Shelter Homes

A Place Called Home

Every year, the birds make their southward journey, the salmon fish travels all the way back to their natal river to reproduce. A sense of safety, comfort and belongingness beckons us, to the place we all call home. When the protagonist in the film highway, gets abducted by a gang of thugs for ransom, she says, “Tum mujhe jahan se laye ho main wahan wapas nahi jaana chahti” (I do not want to go back to where you brought me from). That one powerful sentence defines the life and the world of tens of thousands of women and girls who face sexual abuse or violence from fathers, husbands, uncles or in-laws in their own house or the marital home.

Shelter Homes

A house is more than four walls and a roof. A place where women suffer routine violence and loss of dignity, cannot qualify as home. The right of every human being, to live in a safe and secure home and community, is termed as the right to adequate housing. The UN Special Rapporteur on adequate housing, defines adequate housing as, “The right of every woman, man, youth and child to gain and sustain a safe and secure home and community in which to live in peace and dignity”. Figures on homelessness have remained divergent. While the Delhi Government’s Homeless Survey 2010 estimated, that there were 67, 151 homeless people in Delhi, civil society organisations have often seen government figures as a grossly underestimated number.

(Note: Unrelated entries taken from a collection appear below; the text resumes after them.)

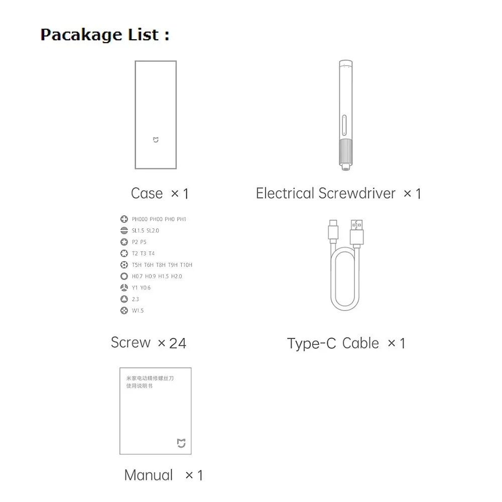 Package Contents:1 x Electric Screwdriver, 24 x Bit, 1 x Type-C Charging Cable, 1 x Storage Box, 1 x Chinese Manual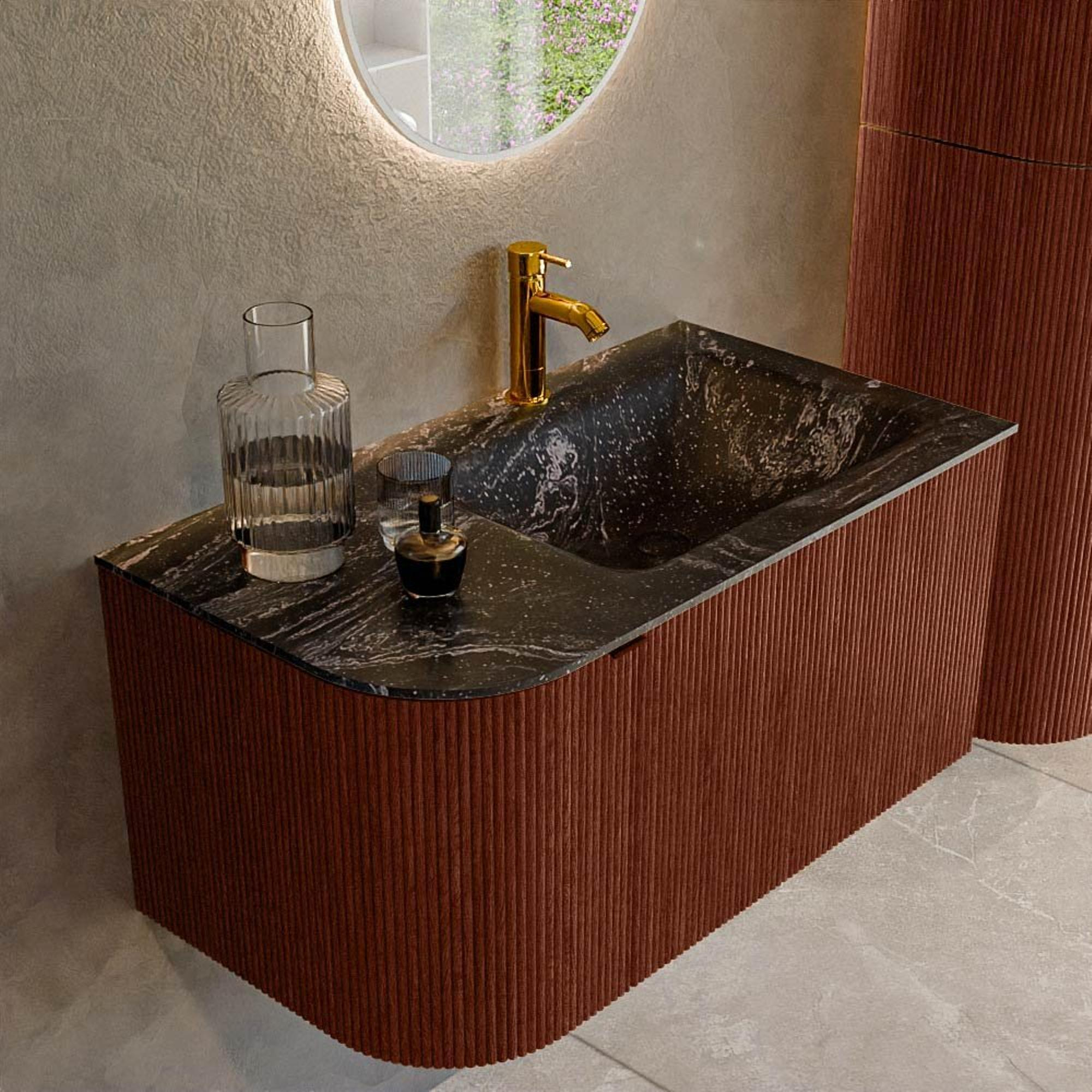 Mondiaz KURVE-DLUX Badkamermeubelset - 85x46x40cm - 1 lade - 1 deur - wastafel solid surface - rechts - 1 kraangat - Ruby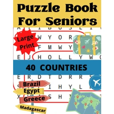 Puzzle book for Seniors : Large Print 40 Countries: word Seek adults and Search Pages Size 8.5 x 11 inches puzzles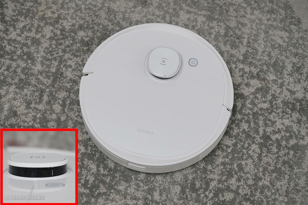 对于不会使用 APP的老年人来说,单按键的设计避免了误操作的可能性,真正做到了化繁为简;同时为了有效保护传感器,科沃斯将顶盖侧面也封了起来。相较于 LDS激光雷达传感器,使用 dToF传感器不但建图效率更高,而且还可以有效避免强光干扰。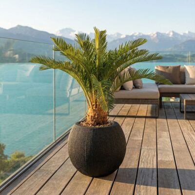 Sago Cycas in Cement Finish Orbis Planter – 1027-3143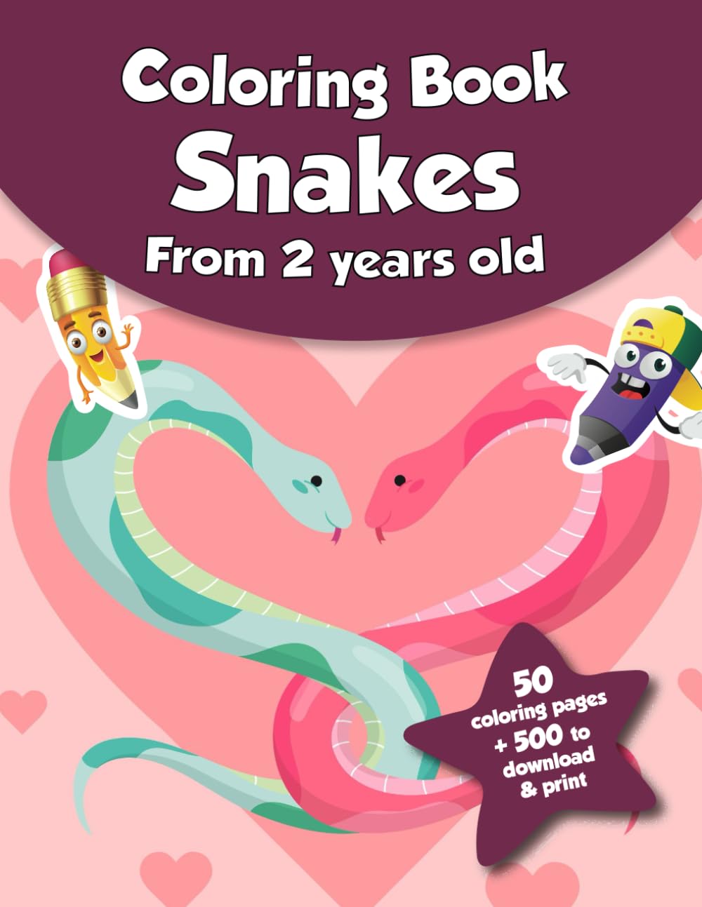 Coloring book for kids – Snakes (from 2 years old): 50 coloring pages + 500 to download & print!

Women form one of the groups worst affected by homelessness, and homeless women suffer the worst forms of violence and abuse. In the absence of a safe living space, women often take recourse to living out on the sidewalks of Delhi, exposing themselves and their children to the various forms of physical violence and harsh weather conditions. Homelessness among women is caused by factors such as lack of affordable housing, forced migration from the rural areas, slum demolition without rehabilitation, domestic violence, and inadequacy of law, inequitable planning and breakdown of marriage/partnership.

Although the Protection of Women from Domestic Violence Act, 2005 gives the aggrieved the right to residence in the shared household, victims of domestic violence remain largely deprived of this legal right. Delhi offers very few shelter homes to women, mostly for short duration and have very small intake capacity. The All India Women’s Conference has a short-term shelter home, for women in distress, for a maximum of three years. However, depending on the legal case, the nature of harm and the speed of recovery, women are rehabilitated much earlier. The shelter gets anywhere about 15-20 cases, mostly of women facing marital distress. But the institution also counsels and helps to rehabilitate women victims of sex trafficking and sexual violence like rape.

Matritva Chhaya has two centers, one in Sarai Rohella, and another one in Jahangir Puri. Both are short-term shelter homes for pregnant and lactating women. The shelter is funded by the Ministry of Women and Child Development and caters to pregnant and lactating women, who have either been abandoned by their families, or suffer from mental retardation. The shelter has the facilities of vocational training like stitching, embroidery and beauty culture for the women. It also has a doctor approved menu and counselling.

Mayur Vihar has a shelter home called Premalaya for women victims of abuse. It has a capacity of 6 people, but is currently under renovation and has been shut from the past 4 months. The shelter house provides medicine, food and counselling to the victims.

Whether it is institutions for the homeless, or shelter homes for women, there is a glaring lack of adequate infrastructure. As a vulnerable group, it is women who suffer the worst forms of violence when exposed to unsafe, unhygienic or undignified living spaces. A safe city must have proper shelter homes for all women who suffer inadequacy, whether in the form of physical, mental or economic distress.